Here are six jobs accounting majors often land post college:
Many accountants who have gotten their degree and CPA certification during their undergraduate years go on to work at accounting firms. Companies vary, but the Big Four auditors recruit hundreds of graduates each year and are known for their prestige and impressive benefits. Most graduates work with a variety of companies and end up learning how to navigate all types of businesses from government and nonprofits to global corporations. They also learn "strong project management skills because of the flexibility of an audit engagement," says Matthew Murtaugh, manager for the Young CPA Initiatives at the AICPA.
Personal Financial Planner
As more people become focused on their financial future, those with an accounting degree are well prepared to work in the field.

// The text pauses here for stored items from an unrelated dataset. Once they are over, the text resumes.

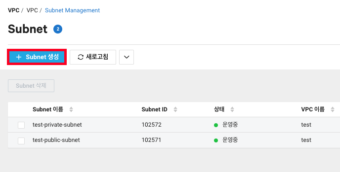 19. 현재 Public과 Private 2개의 Subnet이 있습니다. NAT용을 만들기 위해 Subnet 생성을 클릭합니다.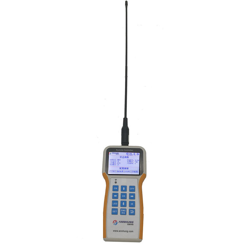 AH-HP-RC draadloze handheld afstandsbediening wordt gebruikt voor alle ANNHUNG zonne / draagbare vliegveld licht, de communicatie frequentie is 433MHZ, effectieve afstand is tot 3km ((meer dan 3km is aangepast).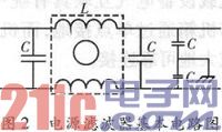 该数字式控制器的电源滤波器由电感、电容、共模电感元件构成低通滤波器,其基本电路如图2所示。

Besides being a requirement for CPAs, being well-versed in tax law is also a focus of the financial planning field, notes Murtaugh. "From a personal financial planning view, those tax implications are enormous and influence the way you would plan for the future," he says. With many personal financial planners working in their own practice or at smaller firms, the job also has an entrepreneurial bent that many enjoy.
Corporate accountants focus their analytical skills on providing relevant information up the corporate ladder. Internally, accountants are often required to make sure their specific company is using resources in the most profitable way. An in-house position provides a closer look at the workings within an organization and can help get an accounting major on a CFO track. Many internal auditors deal with upper management of a company.

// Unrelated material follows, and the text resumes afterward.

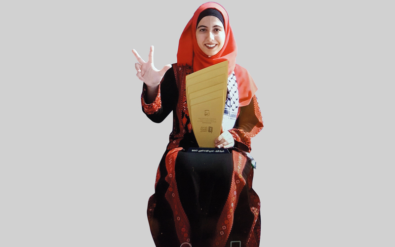 «الإمارات اليوم» التقت الطالبة عفاف الشريف في منزلها بمدينة جنين، عقب عودتها من دولة الإمارات العربية المتحدة، راصدة أجواء الفرحة في منزلها ومدينتها، حيث كانت الابتسامة تعتلي وجوه والديها وأشقائها، الذين أبدوا فخرهم بإنجاز ابنتهم، مؤكدين على مواصلة تشجيعهم لها لتحقيق المزيد من إنجازات التميز والإبداع.

Doing accounting projects directly with the government, many forensic accountants are specialists in areas like insurance claims, personal injury or fraud, and conduct analysis to present during a court of law. In addition to accounting work, forensic accountants are often present during litigation for the cases that they work on - adding an interesting dimension to the job.

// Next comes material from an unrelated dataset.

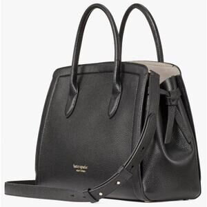 Crafted from a grained leather exterior and a staple satchel silhouette, the Knott Bag from Kate Spade features block coloring throughout, two top handles, side knot detailing, and a central zip compartment.

Most tax accountants work with individuals or companies to complete their annual or quarterly taxes. The work can be demanding during tax season and requires a thorough understanding of tax code and ever-changing regulations. Customer service skills and building relationships with repeat customers are a significant part of the job. A significant number of tax accountants end up starting their own practice.
Working for state or federal entities in an accounting role means you'll be responsible for how resources are ultimately handled. Though the work can get bureaucratic, there's room for advancement. Most government accountants focus on examining the records of government agencies to make sure the agencies are compliant with government regulations.
Additionally, experts point out that despite a significant downturn in other areas of business, accounting remains a profession that's somewhat recession proof because of tax laws. "If there is an economic downturn you really can't get rid of [accountants] because accounting still has to get done," adds Moore.